Fast forward to 1986 and several episodes of the series were re-edited into a ninety minute film, dubbed into English, released as Time of the Apes.  Despite the compression of twenty six hours of running time into an hour and a half feature, it follows the basic outline of the series' story arc, concluding with the three present-say humans returning to 1974.  Most of the main story from the US film and TV series turn up in the Japanese movie, even the return to the present from Escape From the Planet of the Apes, along with the idea that the apes first started becoming more human-like when trained by humans to carry out menial and dangerous tasks, (such as fighting wars), presented in Conquest of the Planet of the Apes.  The only things missing are the mutants living in the buried ruins of the cities.  Instead, we have what we'd now call an AI revealed as the main antagonist to both apes and humans.  Created, like the apes, by humans to solve their problems, it eventually decided to replace the humans with the apes.  It spends the film sending out a flying saucer to protect the human party at various points, in order to ensure that they reach the underground complex where it is housed, in order that it can make them the offer of being sent to the far future (by being frozen again) or sent to another planet, so that they are no longer a disruption to the current ape world.  While the contemporary human is sent off world, the 1974 people are frozen, but wake up, not in the far future, but back in their own time.

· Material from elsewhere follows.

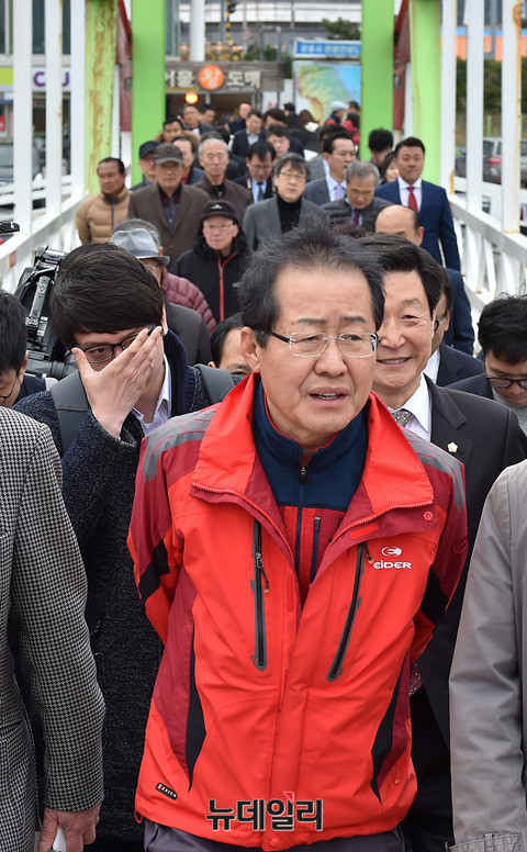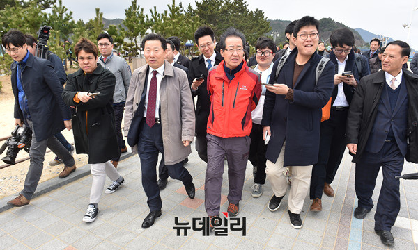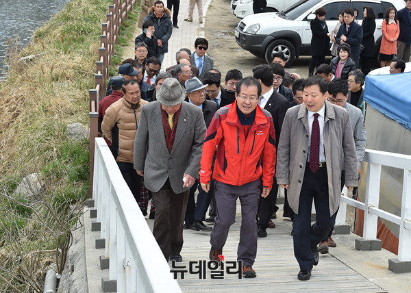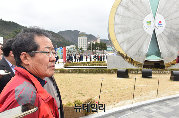 자유한국당 홍준표 대선주자가 25일 오후 강릉 정동진 모래시계 공원을 방문해 이철규(강원 동해) 국회의원의 안내로 공원을 둘러보고 있다. 이어 홍 주자는 평창 동계올림픽 조직위원회를 방문할 예정이다. (강원 강릉=뉴데일리 이종현 기자)

Being cut down from a much longer TV series, it isn't surprising that the film's narrative doesn't always run smoothly, with sub-plots suddenly appearing, seemingly from nowhere, before vanishing just as abruptly.  In particular, the main military ape's vendetta against the future human isn't explained until the last fifteen minutes of the film, then gets resolved in a pretty perfunctory manner, with the ape admitting he was wrong, then just wandering off.  Unlike either the US films or TV series, Time of the Apes makes no real effort to present the viewer with a well developed portrayal of the ape culture, opting instead to portray it as pretty much like 1974, but with apes.  Apes who drive seventies models of cars and trucks and travel on steam hauled trains, (steam haulage still being used on parts of the Japanese rail network in 1974 - it wasn't all gleaming bullet trains away from the main lines and big cities).  The ape make ups, too, seem far less sophisticated than those of the actual Planet of the Apes series, consisting of stiff-faced masks which allow next to nothing in the way of expressiveness, let alone mobility.  It isn't exactly bad, but it isn't particularly good, either.  The plot degenerates into a series of captures and escapes, with all of the explanations crammed into a final few minutes of dialogue heavy expository scenes.  I can only assume that the TV series spread all of this out over its twenty sex episodes somewhat more evenly, not to mention fleshing out the whole background of the ape civilisation a little more fully.  In this condensed film format, however, it is a somewhat less than satisfactory viewing experience.